The implementation and coordination of the Final Solution was set on January 20, 1942, at a meeting of senior SS officers and German government officials from different ministries and agencies in the Berlin suburb of Wannsee. This meeting was initially intended for December 1941 but was cancelled after Hitler’s declaration of war on the United States.

Key Figures: 

Hermann Göring: a fighter pilot in World War I, Göring joined the Nazis in the 1920s after hearing Hitler speak. By 1933, he was at the center of the NSDAP and assumed a range of offices and responsibilities. He is best known for his roles as Commander of the Luftwaffe (air force) and Director of the Four Year Plan to rebuild Germany’s economy so that it could wage war. As the Third Reich progressed, Göring became obsessed with honors, titles and uniforms, as well as becoming progressively more dependent on drugs. He was a particular focus of wartime humor in Germany, after boasting that the Allies would never be able to bomb Berlin.

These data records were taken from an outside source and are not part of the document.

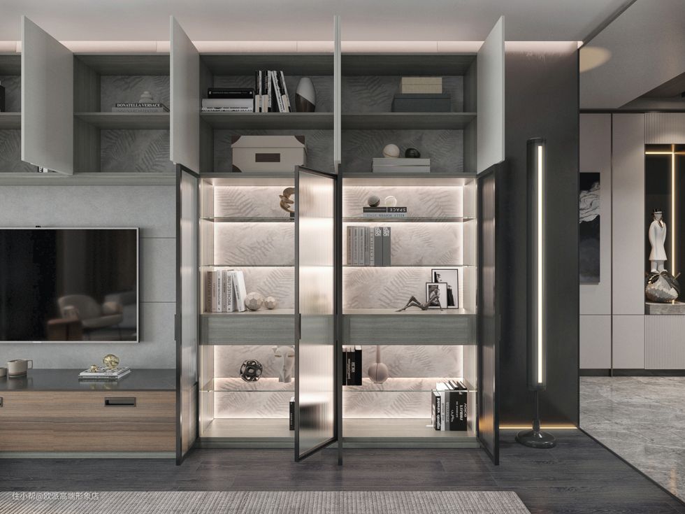 带灯玻璃柜,质感非常高级,显著区别于其他柜体,不仅提高了电视柜的整体颜值,还把客厅的氛围感拉满。
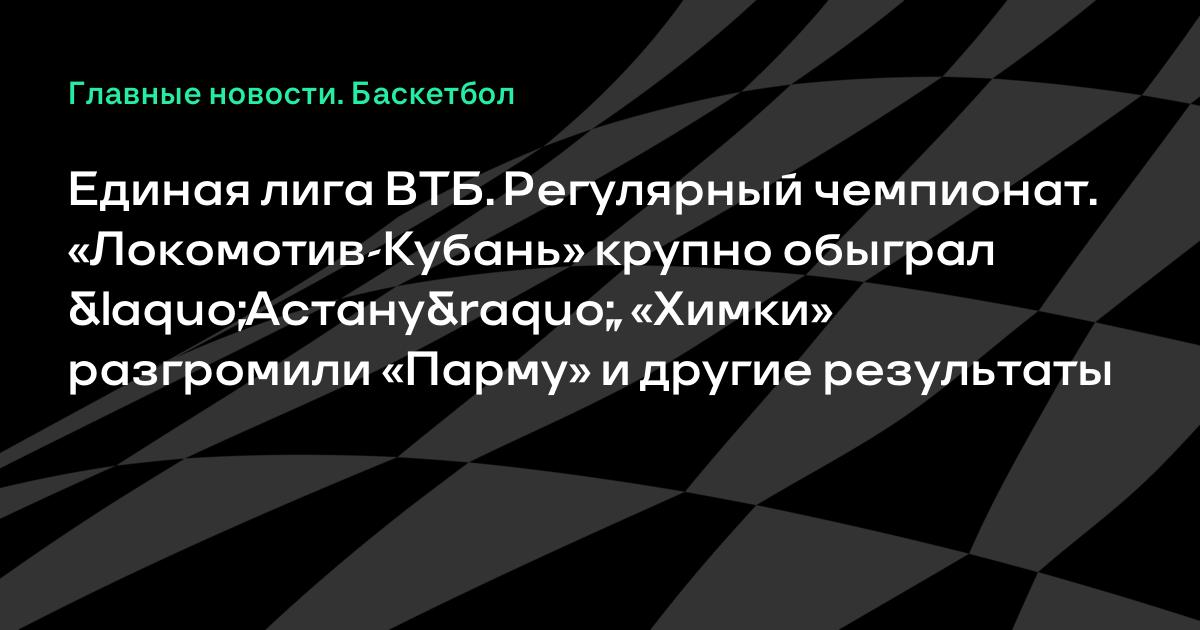 Единая лига ВТБ. Регулярный чемпионат. «Локомотив-Кубань» крупно обыграл «Астану», «Химки» разгромили «Парму» и другие результаты
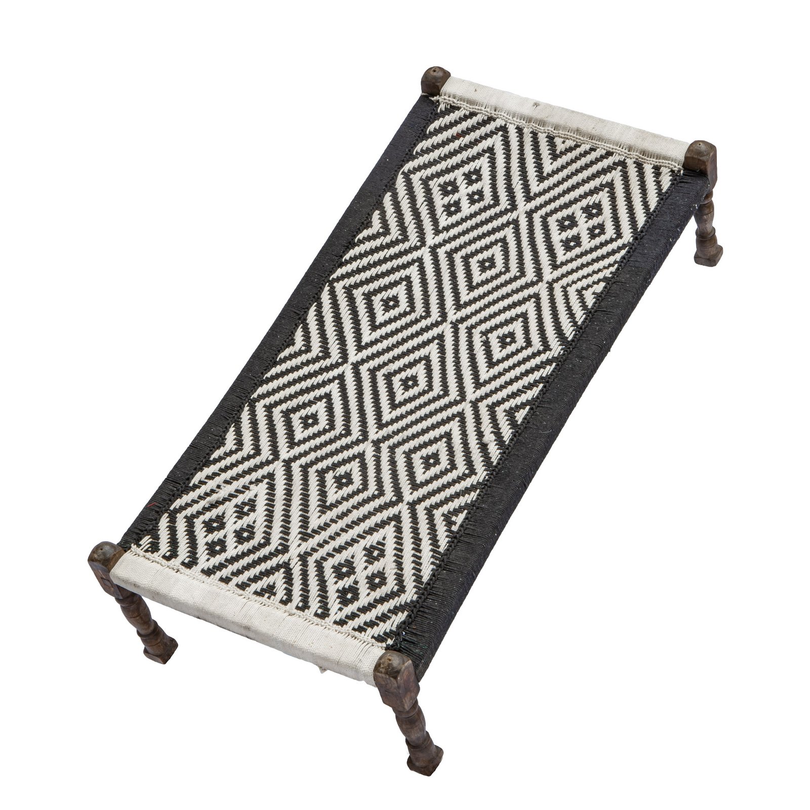 Bei diesem schönes Einzelstück handelt es sich um eine „moderne“ Bespannung über die gesamte Bettliegefläche. Ein Charpai mit „geschlossener“ Bespannung entspricht dadurch eher Betten oder Liegen, wie man sie z.B. in Europa kennt.
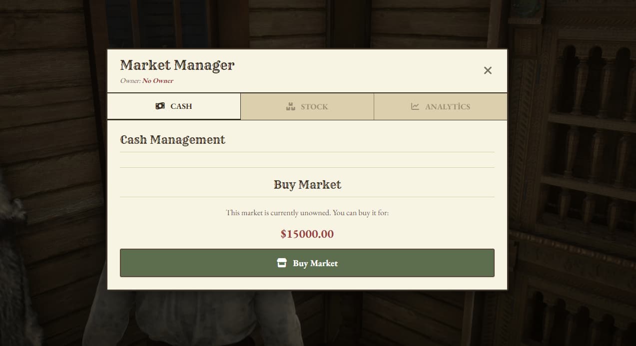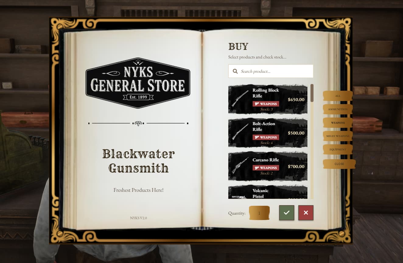 Allow your players to purchase, manage, restock, and control the cash register of markets across the map. With its unique RDR2 “book” themed UI and detailed features, NyksStore adds an unparalleled roleplay experience to your server.
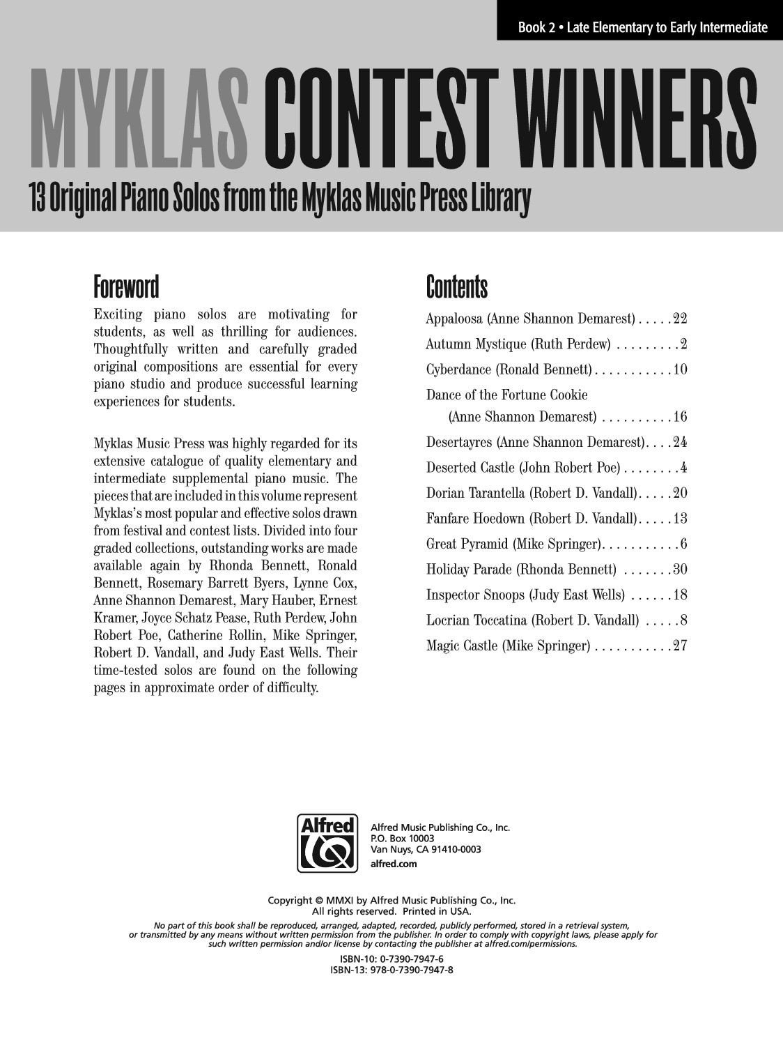 Myklas Music Press was highly regarded for its extensive catalogue of quality elementary and intermediate supplemental piano music. The pieces that are included in Myklas Contest Winners represent Myklas's most popular and effective solos drawn from festival and contest lists.
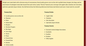 • Outdoor Grill: Serves hot dogs, burgers, tacos, corn dogs, and other delicious options.
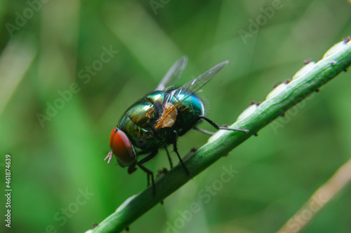 Fototapeta premium Green flies, Flies, House flies on dry leaves
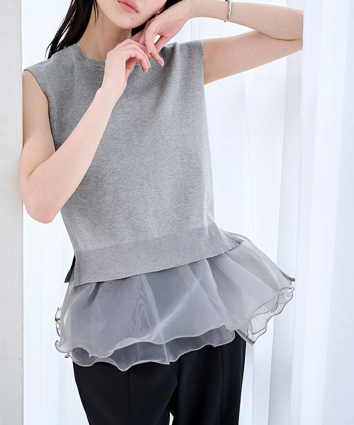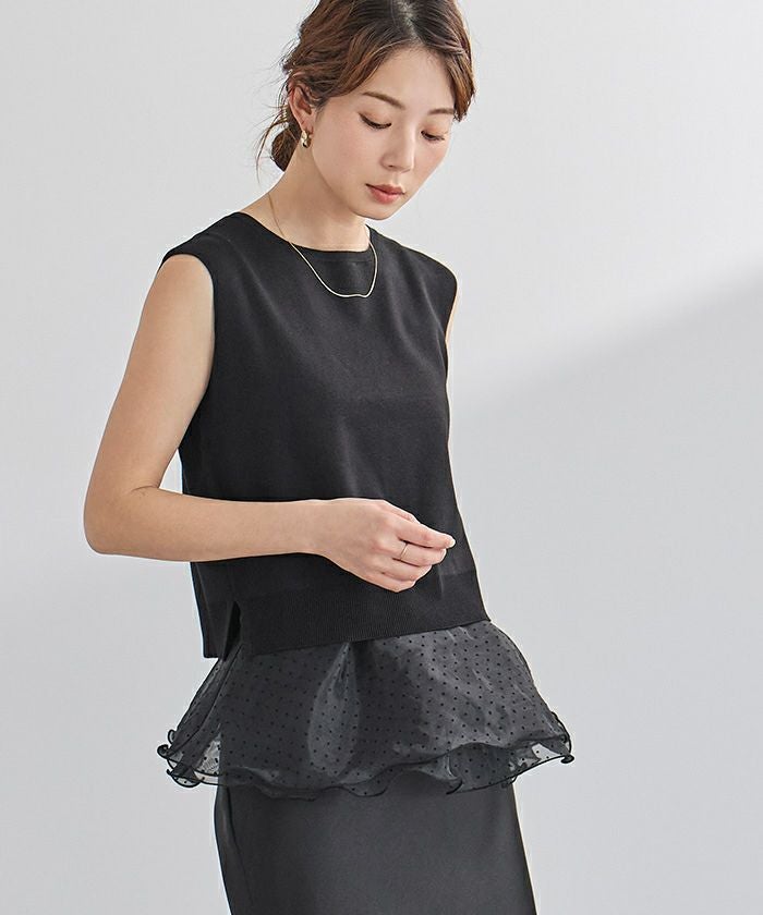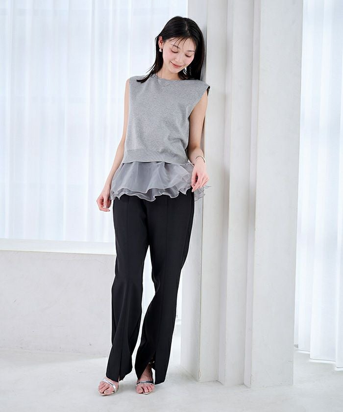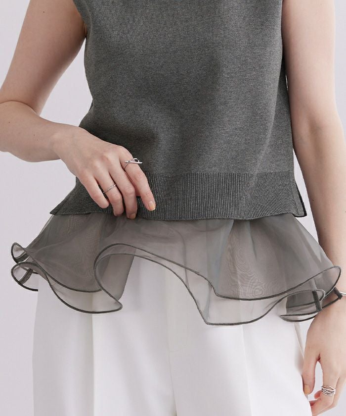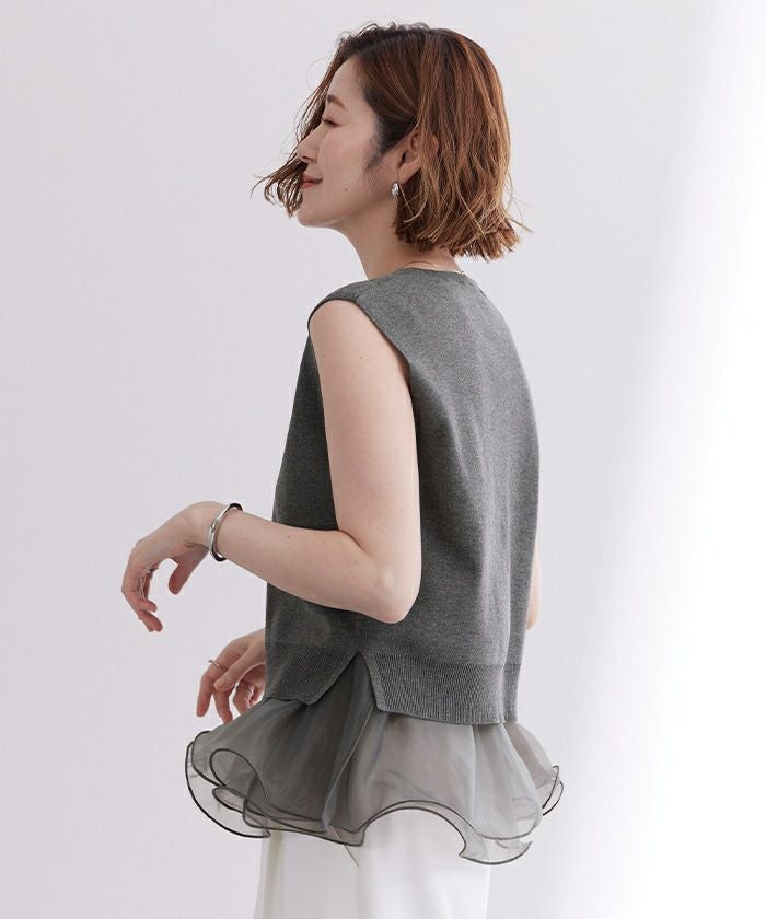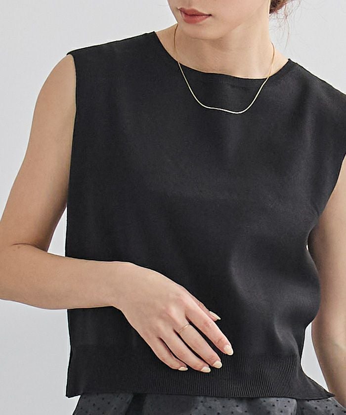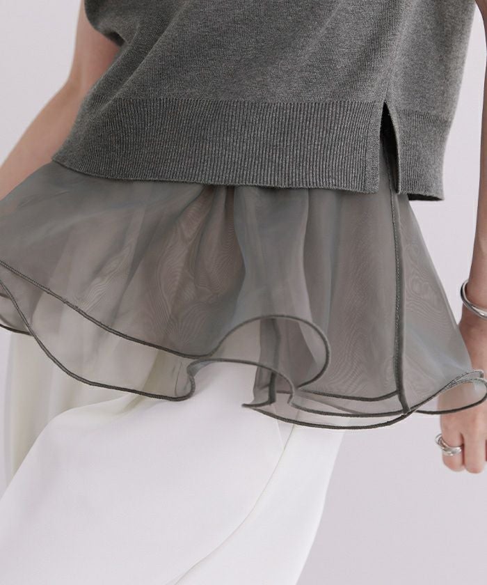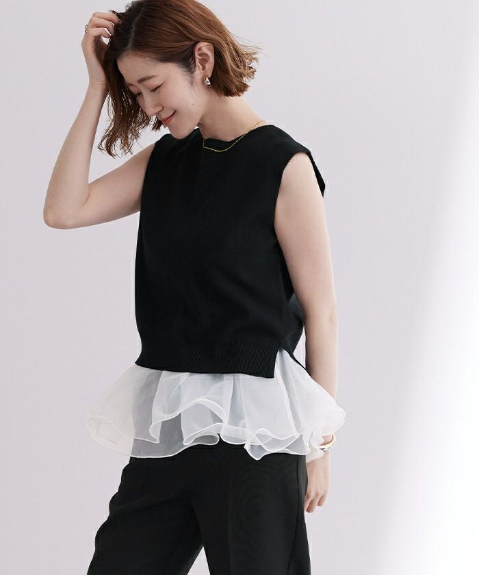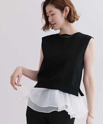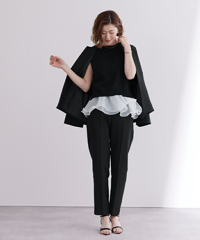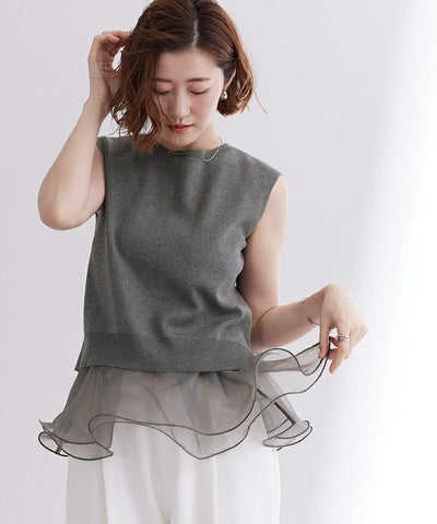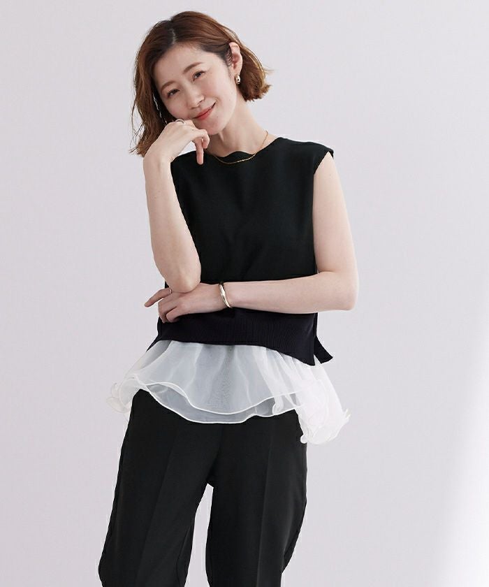 ニットはベーシックに仕上げ、1枚でも着られるのも嬉しいポイント。
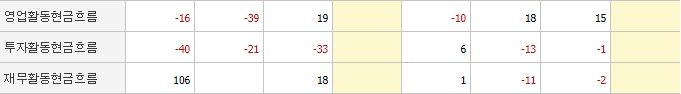 현금흐름 현황을 살펴보면, 영업활동현금흐름을 제외하곤 상황이 별로 좋지 않아보입니다. 더욱 지켜봐야할 듯합니다.
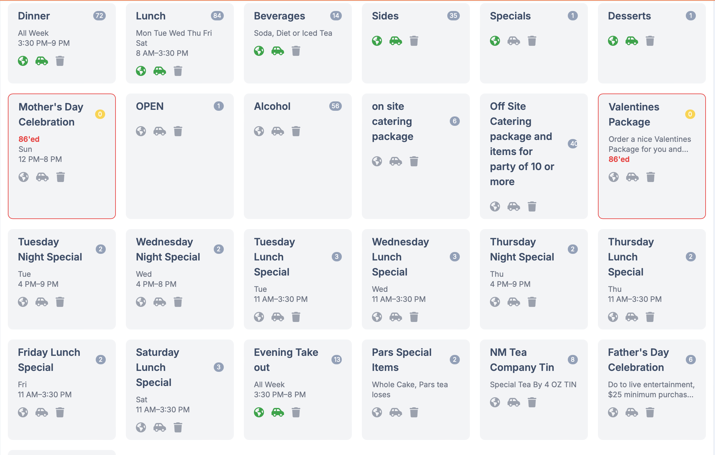 - A car (If Integrated with Chowly.) – Will make the menu available on third-party platforms when highlighted green.
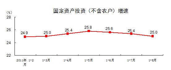 2011年1-8月份,固定資產(chǎn)投資(不含農(nóng)戶)180608億元,同比增長25%,比1-7月份回落0.4個(gè)百分點(diǎn)。其中,國有及國有控股投資62422億元,增長12.1%。從環(huán)比看,8月份固定資產(chǎn)投資(不含農(nóng)戶)增長1.16%。
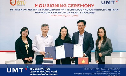 Ngày 1/6/2022 đã diễn ra Lễ ký kết hợp tác giữa Trường Đại học Quản lý và Công nghệ TP.HCM (UMT) cùng Trường Đại học BangkokThonburi (BTU, Thái Lan). Đây là một trong những hoạt động thường xuyên của Trường Đại học Quản lý và Công nghệ TP.HCM (UMT) nhằm thúc đẩy và phát triển chương trình Hợp tác liên kết quốc tế, doanh nghiệp, đại học của nhà trường.
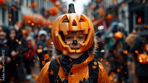 © Sangsung, Naklejka premium A young child is wearing a pumpkin costume and smiling for the camera

The senior defendant at the first Nuremberg Trial, Göring had regained much of his earlier abilities due to the enforced weaning off drugs during his imprisonment. He made chief US lawyer Robert H. Jackson seem ineffectual when questioning him, and had to be brought under control by British counsel Sir David Maxwell-Fyfe. The tribunal sentenced him to death but he committed suicide by poison hours before the sentence was carried out.

Reinhard Heydrich: born in 1904, Heydrich joined the SS in 1931, quickly becoming head of the SD (Sicherheitsdienst), responsible for internal party security. Through the 1930s, Heydrich gained more and more responsibility for police matters, becoming chief of the Gestapo (Geheime Staatspolizei: secret police) in 1934. In 1936 he added responsibility for the Security Police to his portfolio and in 1939 became head of the Reich Security Main Office, responsible for all police functions in Nazi Germany. In the summer of 1941, Heydrich was given responsibility for the “Final Solution of the Jewish Question” and convened the Wannsee Conference in January 1942. Appointed to run the Reich Protectorate of Bohemia and Moravia in September 1941, he brutally suppressed Czech resistance while supervising the deportation of Jews from the Czech lands. His pacification policy and disregard for personal security led to his assassination by British-sponsored Czech agents attacked him in central Prague in May 1942: he died of infected wounds from the attack on 4 June, 1942.